### EXERCISE INSTRUCTIONS
When you copy the records, keep every word exact and leave the pictures out.

BEGIN MATERIALS PROVIDED

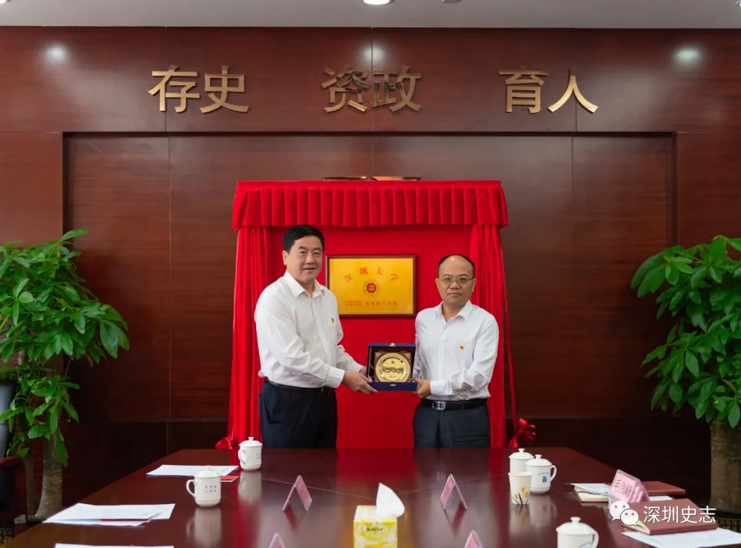 11月5日,深圳大学党史馆方志馆现场教学基地挂牌仪式在市史志办举行。中共深圳市委党史研究室、市史志办公室主任杨立勋,二级巡视员黄玲、副主任张妙珍以及各处室负责人,深圳大学党委副书记范志刚,党委常委、组织部、统战部部长戴纪锋以及各部门负责同志共20多人参加活动。
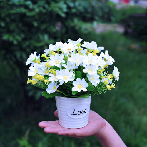 手掌大小的花盆,小巧精致,放在电视柜上特别的引人注目。彩色的花朵与真花相似,绿色的叶子衬托着花朵,造型很美。
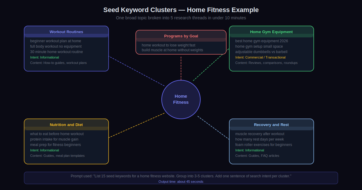 What comes back is a map, not a finished list. For a home fitness site you’d get clusters like “beginner workout routines,” “home gym equipment,” “nutrition basics,” “recovery and rest,” and “workout programs by goal.” Each one becomes its own research thread in the steps that follow.
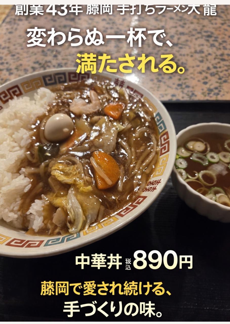 大龍といえば「手打ち麺」ですが、実はこの**「中華丼(税込890円)」**も隠れた超人気メニューなんです。
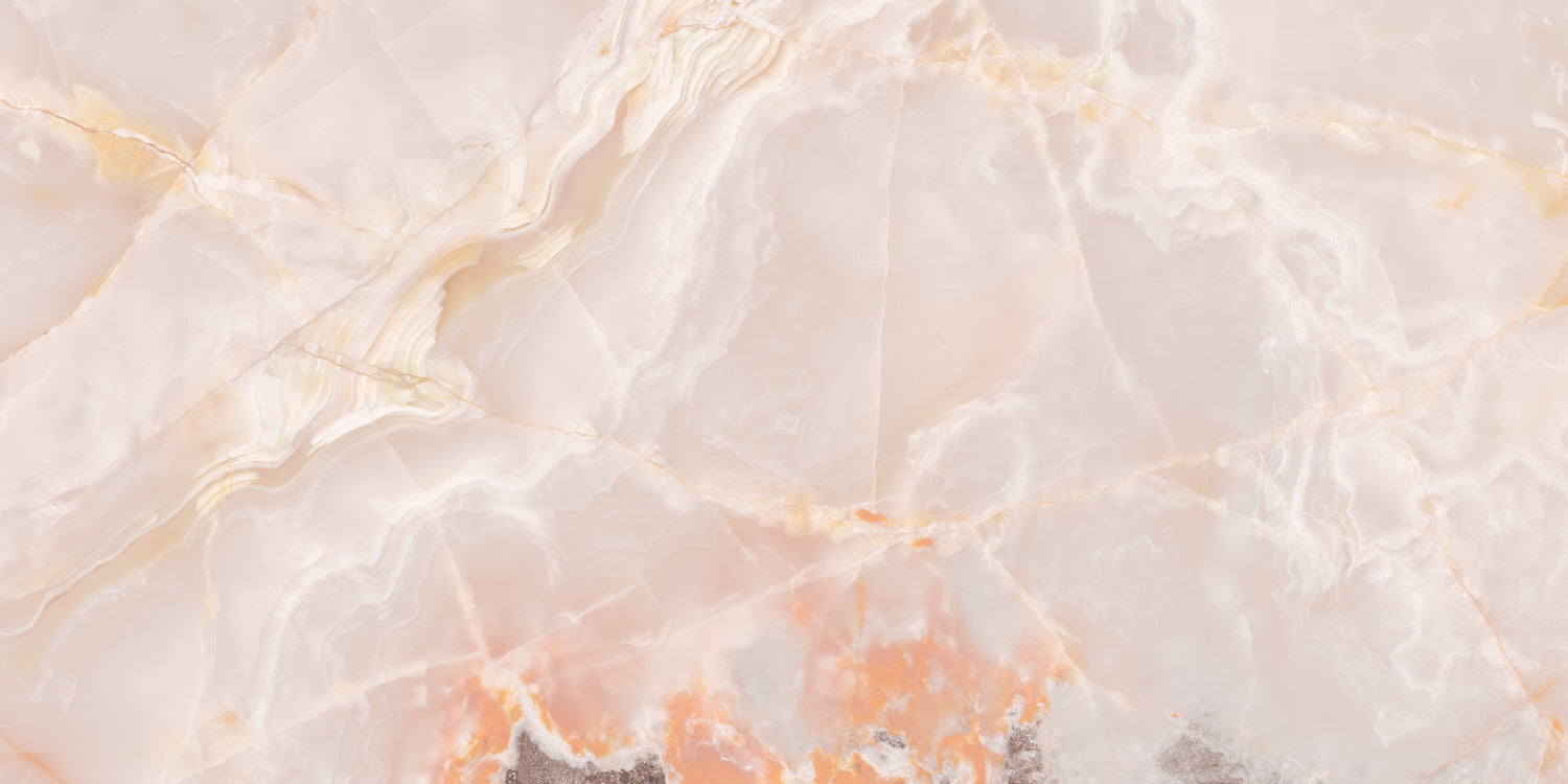 Le carrelage Bluette Onyx Red, en format 60×120 cm, s’inspire de l’onyx, une pierre naturelle précieuse réputée pour sa profondeur visuelle et ses effets cristallins. Malgré son nom, sa palette reste douce et élégante, mêlant des nuances beige et rose, soulignées par des veines orangées plus marquées.
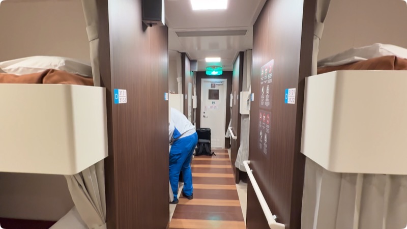 カプセルホテルのような構造で、幅はやや狭め。天井も低く、手が届くほどの高さです。
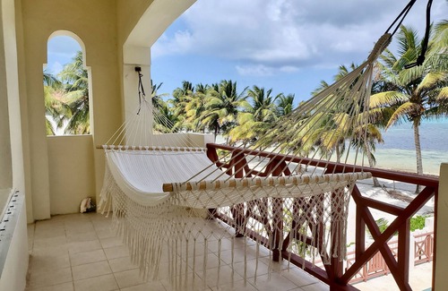 This 3 bedroom/2.5 bath 2880 square foot condo is in a beautiful, small beachfront complex just south of San Pedro on Ambergris Caye. You'll have a fabulous view of the sea from the large veranda — enjoy coffee, drinks & meals while gazing at the Caribbean!
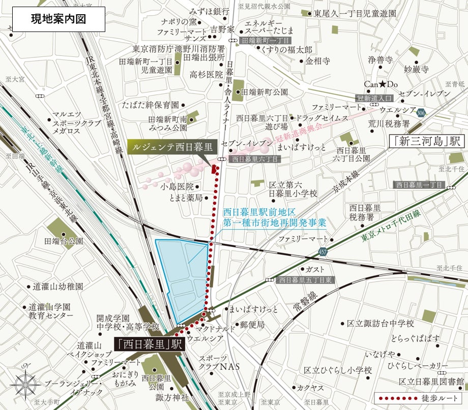 ルジェンテ西日暮里は、西日暮里駅前地区の再開発事業計画が決定し、これから新しく生まれ変わる西日暮里に立地、JR山手線・京浜東北線「西日暮里」駅徒歩6分、東京メトロ千代田線「西日暮里」駅徒歩5分、日暮里・舎人ライナー「西日暮里」駅徒歩4分、京成線「新三河島」駅徒歩8分を始めとした4駅5路線を利用し、都心の主要駅へは20分以内でダイレクトアクセスが可能です。
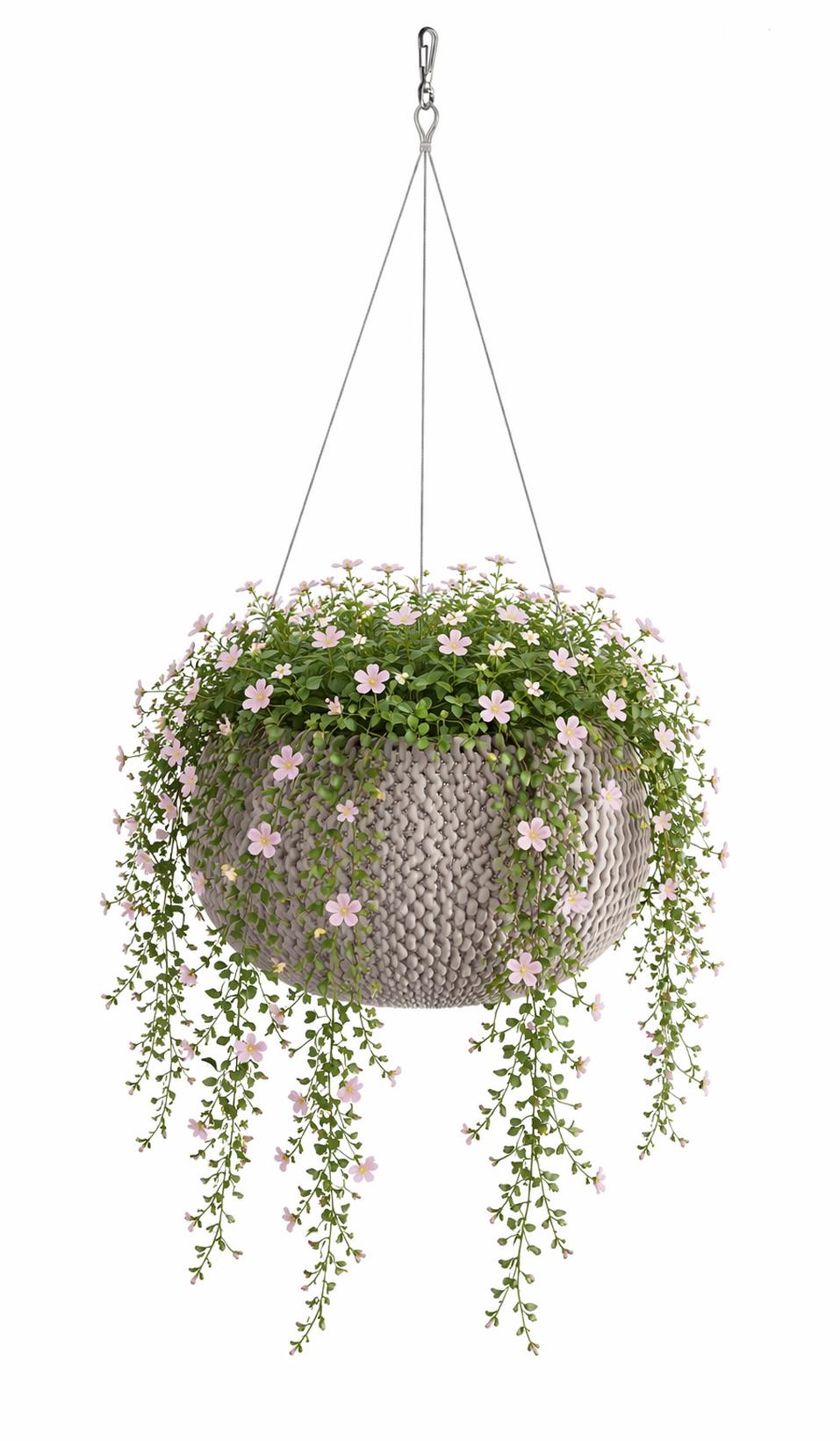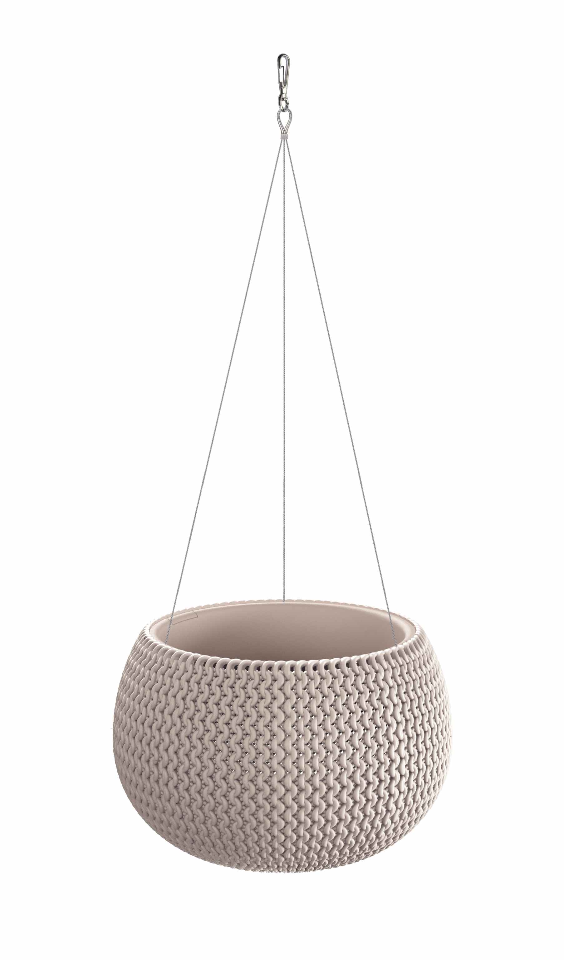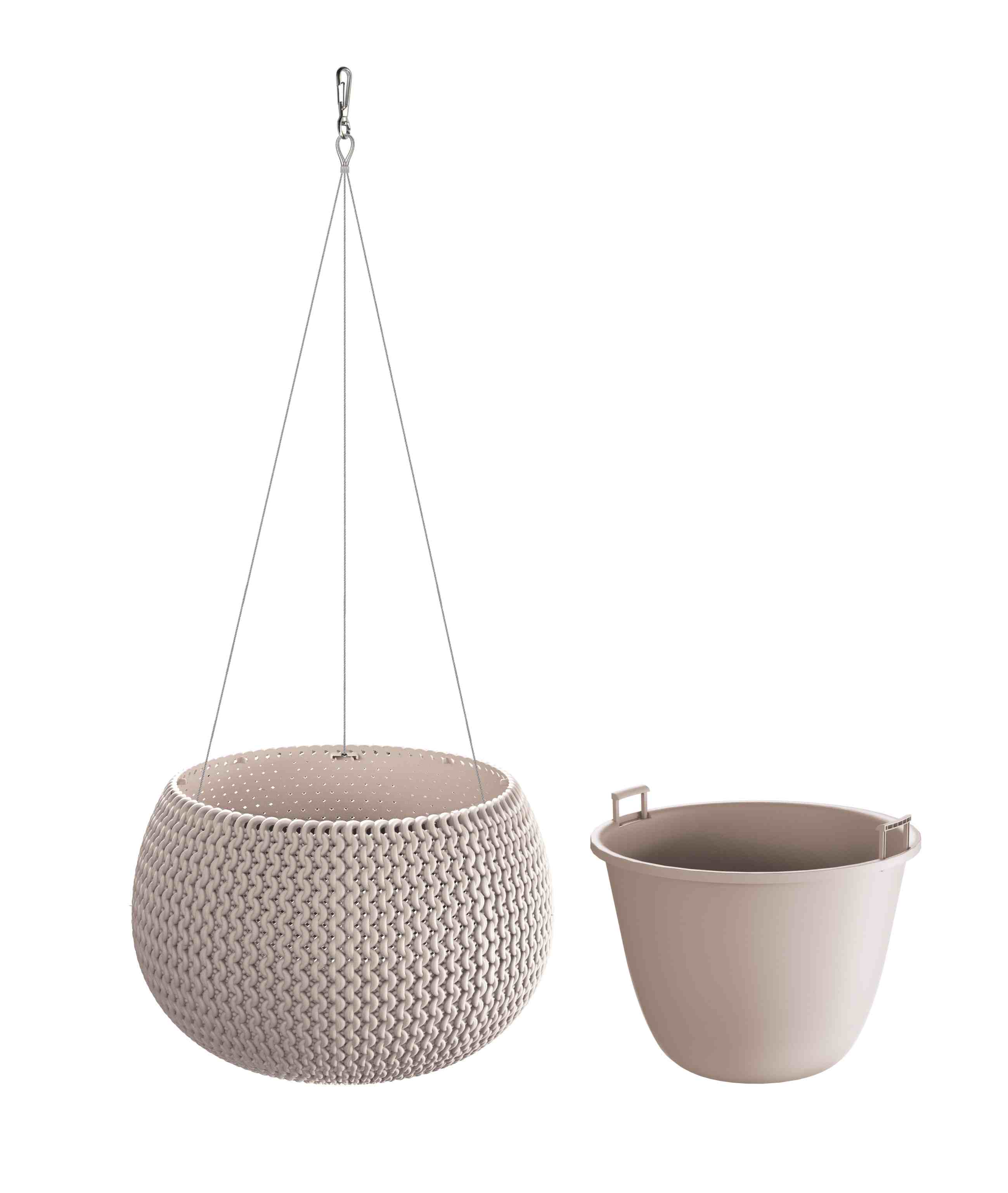 A felakasztható SPLOFY virágcserép enyhén lapított gömb alakjával és sűrűn szőtt fonalra emlékeztető textúrájával melegséget visz otthonába. A cserép színben hozzáillő ültetőbetéttel érkezik, amely megkönnyíti a növények gondozását.

END MATERIALS PROVIDED

### OUTPUT OF THE EXERCISE
 11月5日,深圳大学党史馆方志馆现场教学基地挂牌仪式在市史志办举行。中共深圳市委党史研究室、市史志办公室主任杨立勋,二级巡视员黄玲、副主任张妙珍以及各处室负责人,深圳大学党委副书记范志刚,党委常委、组织部、统战部部长戴纪锋以及各部门负责同志共20多人参加活动。
 手掌大小的花盆,小巧精致,放在电视柜上特别的引人注目。彩色的花朵与真花相似,绿色的叶子衬托着花朵,造型很美。
 What comes back is a map, not a finished list. For a home fitness site you’d get clusters like “beginner workout routines,” “home gym equipment,” “nutrition basics,” “recovery and rest,” and “workout programs by goal.” Each one becomes its own research thread in the steps that follow.
 大龍といえば「手打ち麺」ですが、実はこの**「中華丼(税込890円)」**も隠れた超人気メニューなんです。
 Le carrelage Bluette Onyx Red, en format 60×120 cm, s’inspire de l’onyx, une pierre naturelle précieuse réputée pour sa profondeur visuelle et ses effets cristallins. Malgré son nom, sa palette reste douce et élégante, mêlant des nuances beige et rose, soulignées par des veines orangées plus marquées.
 カプセルホテルのような構造で、幅はやや狭め。天井も低く、手が届くほどの高さです。
 This 3 bedroom/2.5 bath 2880 square foot condo is in a beautiful, small beachfront complex just south of San Pedro on Ambergris Caye. You'll have a fabulous view of the sea from the large veranda — enjoy coffee, drinks & meals while gazing at the Caribbean!
 ルジェンテ西日暮里は、西日暮里駅前地区の再開発事業計画が決定し、これから新しく生まれ変わる西日暮里に立地、JR山手線・京浜東北線「西日暮里」駅徒歩6分、東京メトロ千代田線「西日暮里」駅徒歩5分、日暮里・舎人ライナー「西日暮里」駅徒歩4分、京成線「新三河島」駅徒歩8分を始めとした4駅5路線を利用し、都心の主要駅へは20分以内でダイレクトアクセスが可能です。
 A felakasztható SPLOFY virágcserép enyhén lapított gömb alakjával és sűrűn szőtt fonalra emlékeztető textúrájával melegséget visz otthonába. A cserép színben hozzáillő ültetőbetéttel érkezik, amely megkönnyíti a növények gondozását.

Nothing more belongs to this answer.